Una mattinata di riflessione profonda, dialogo aperto e consapevolezza quella vissuta ieri, martedì 19 maggio 2026, dagli alunni delle classi seconde della Scuola secondaria di I grado dell’I.C. “E. Falcetti” di Apice (BN). A partire dalle ore 9:30, i ragazzi hanno preso parte ad un importante incontro di formazione e prevenzione incentrato sul tema delle dipendenze e, in particolare, sul dramma della droga.
Ospite d’eccezione dell’evento è stato Don Ezio Rotondi, parroco di Apice e autore del racconto intitolato “Scegli la vita”, testo che ha fatto da filo conduttore all’intera mattinata.
L’appuntamento di ieri ha rappresentato il culmine di un percorso didattico ben più ampio. Prima di incontrare l’autore, infatti, gli alunni hanno letto e analizzato approfonditamente il racconto tra i banchi di scuola, guidati con cura dalle professoresse di Italiano Maria Luisa Della Sala e Vanda Nuzzolo. Questo lavoro preliminare ha permesso ai ragazzi di arrivare all’appuntamento già consapevoli delle tematiche trattate, pronti a trasformare l’aula in uno spazio di dibattito vivo.
Lontano dai toni di una lezione cattedratica, il dibattito condotto da Don Ezio ha toccato da vicino le corde emotive dei giovani studenti. Al centro del confronto, la necessità di riflettere sulle scelte sbagliate che, se compiute con leggerezza nell’età dell’adolescenza, rischiano di condizionare pesantemente il proprio futuro.
Don Ezio ha invitato i ragazzi ad analizzare i veri valori della vita, esortandoli ad affrontare le difficoltà quotidiane e i problemi personali con coraggio.
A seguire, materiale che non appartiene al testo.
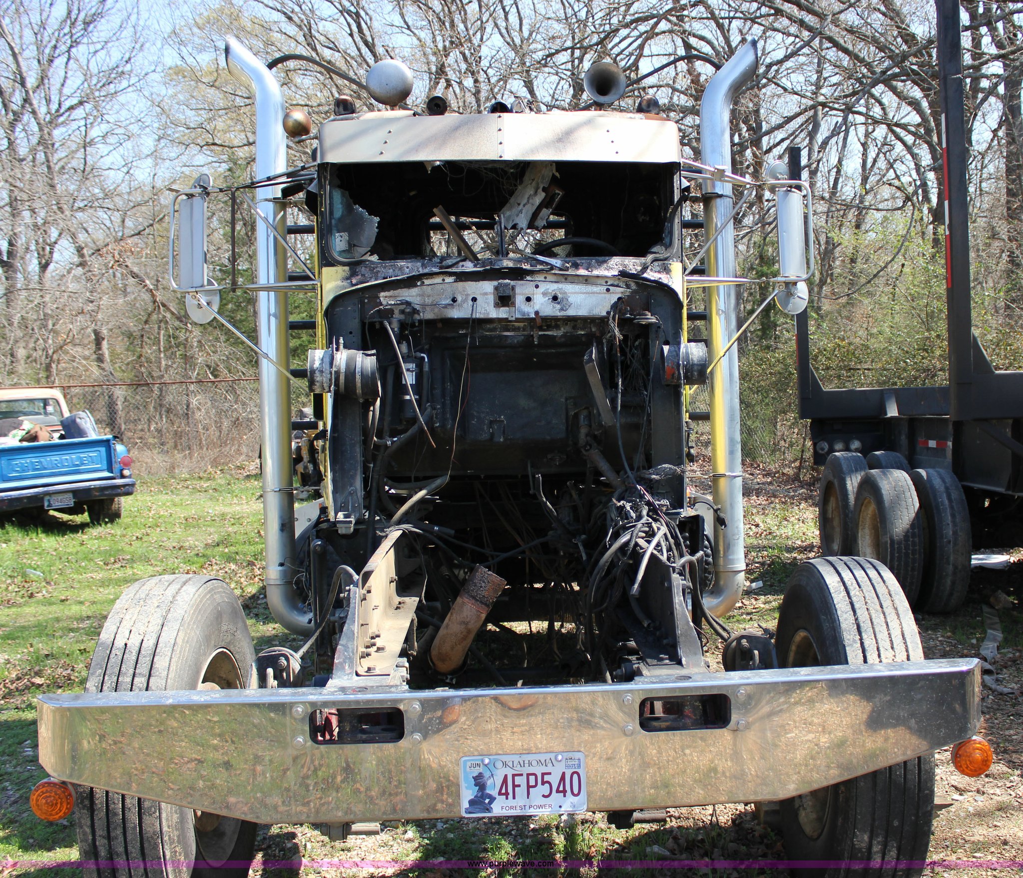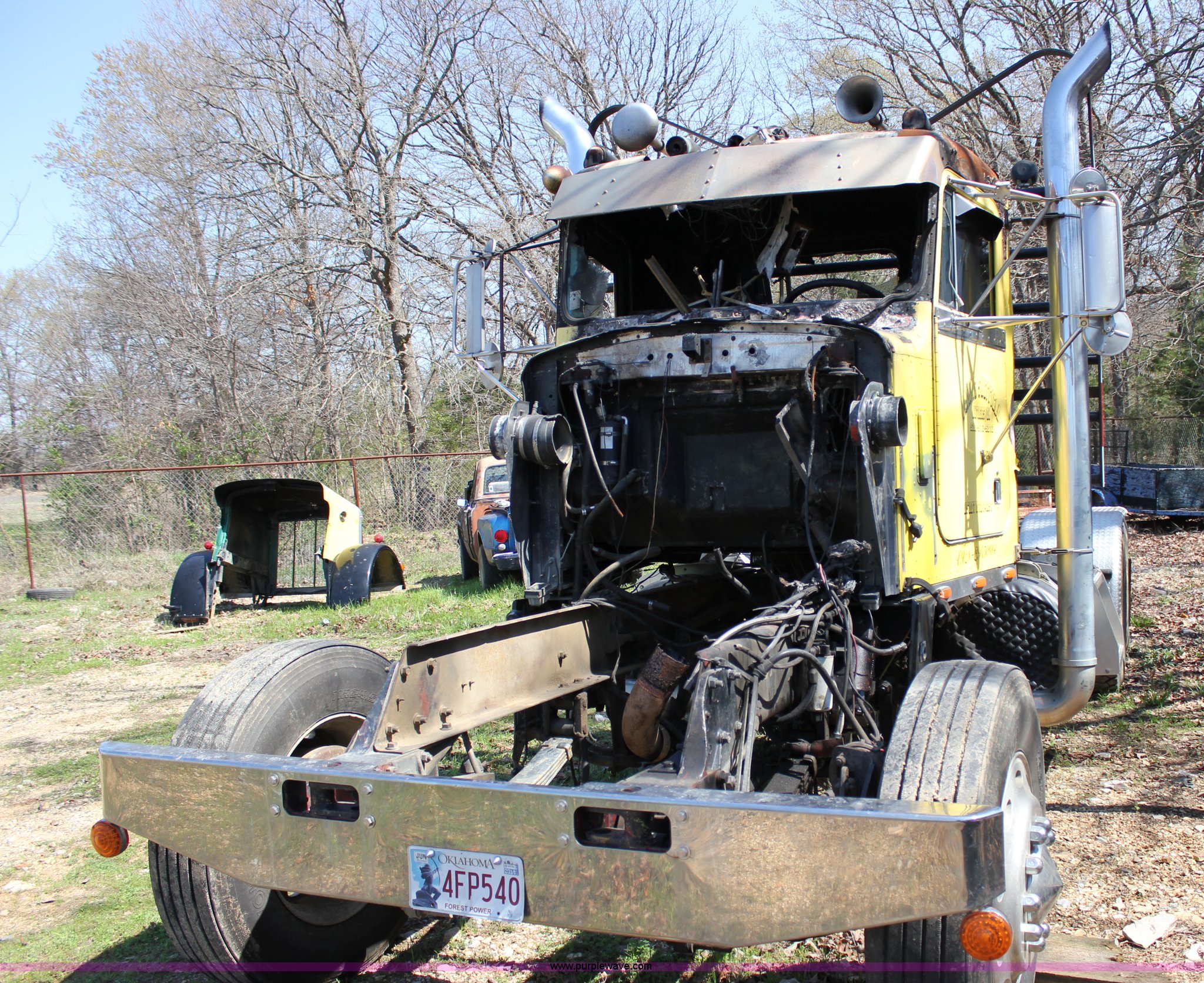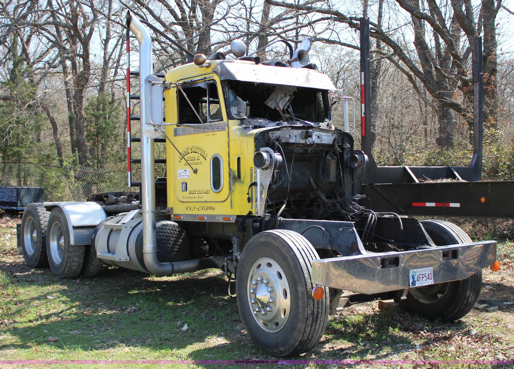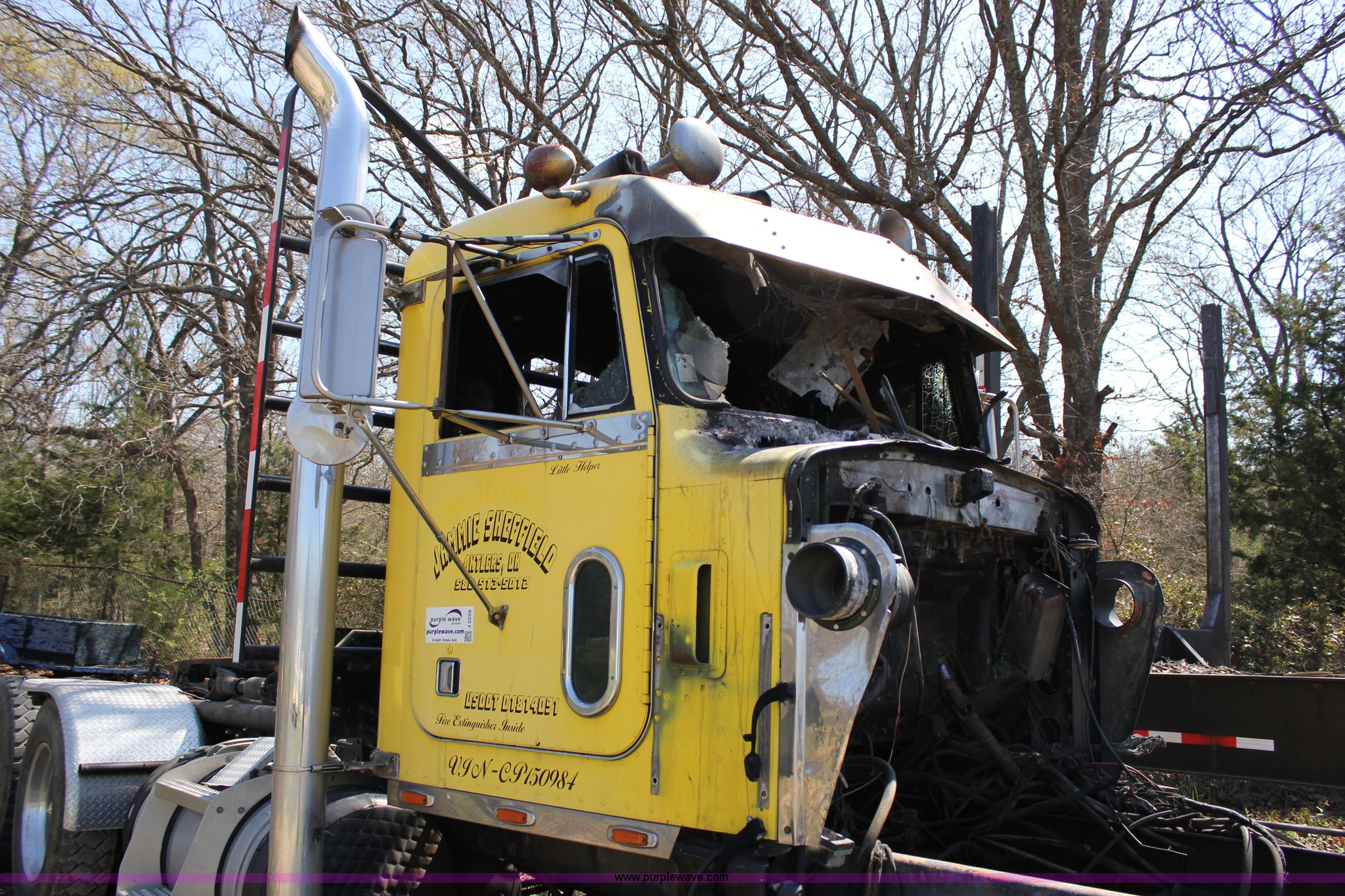 Purple Wave is selling a used Truck Tractor in Oklahoma. This item is a 1982 Peterbilt 382 semi truck with the following: Unknown miles on odometer, Caterpillar 3406B 14.6L L6 diesel engine, No transmission, Passenger daylight door, Visor, Custom headache rack, Pierce winch system, Dual 100 gallon fuel tanks, Dual rear exhaust stacks, PTO, Air suspension, Air brakes, 11R24.5 tires, Air horns will be removed prior to auction, Fire damage, Parts missing

Il parroco ha messo in guardia la platea dalle “scorciatoie”, parlando di come sostanze e dipendenze apparentemente offrano una via di fuga facile, quando in realtà «portano solo fuori strada».
Il momento più alto e significativo del dibattito è arrivato quando il parroco ha ricordato agli alunni il potere e la dignità della scelta individuale:
il diritto e il dovere di dire “NO”», che pronunciato al momento giusto non è un segno di debolezza, ma può essere il primo, decisivo passo verso una vita più forte, più libera e più vera».
I ragazzi hanno risposto con grande attenzione, partecipando attivamente alle riflessioni e dimostrando una maturità che fa ben sperare.
L’incontro, tappa fondamentale del percorso di crescita cittadina e di educazione alla legalità, si è concluso con la proiezione di un cortometraggio a tema.
Le immagini del filmato hanno dato forma e volto alle parole ascoltate poco prima, lasciando agli studenti un messaggio chiaro: la vita è fatta di bivi, ma la mappa per non perdersi sta nel coraggio di proteggere la propria libertà.
Il Commento della Dirigente Scolastica Prof.ssa Anna Polito
«L’incontro di ieri rappresenta pienamente la missione più alta della nostra scuola: non solo istruire, ma formare cittadini consapevoli, capaci di guardare al futuro con senso critico e responsabilità.
Desidero esprimere il mio più vivo ringraziamento a Don Ezio Rotondi, che con la sua sensibilità e con la forza del suo raccontoha saputo toccare il cuore dei nostri ragazzi, parlando loro senza filtri ma con straordinaria empatia. Un grazie sincero va alle professoresse Maria Luisa Della Sala e Vanda Nuzzolo, il cui prezioso lavoro preparatorio in classe ha permesso agli alunni di vivere questo momento non come semplici spettatori, ma come protagonisti attivi di un dibattito autentico.
Sono profondamente orgogliosa della risposta, della serietà e della maturità dimostrate dagli studenti delle classi seconde dell’I.C. “E. Falcetti”. Davanti ai bivi che la vita inevitabilmente porrà loro davanti, la scuola sarà sempre qui, pronta a fornire gli strumenti per non perdersi e per difendere la propria libertà e la propria vita.»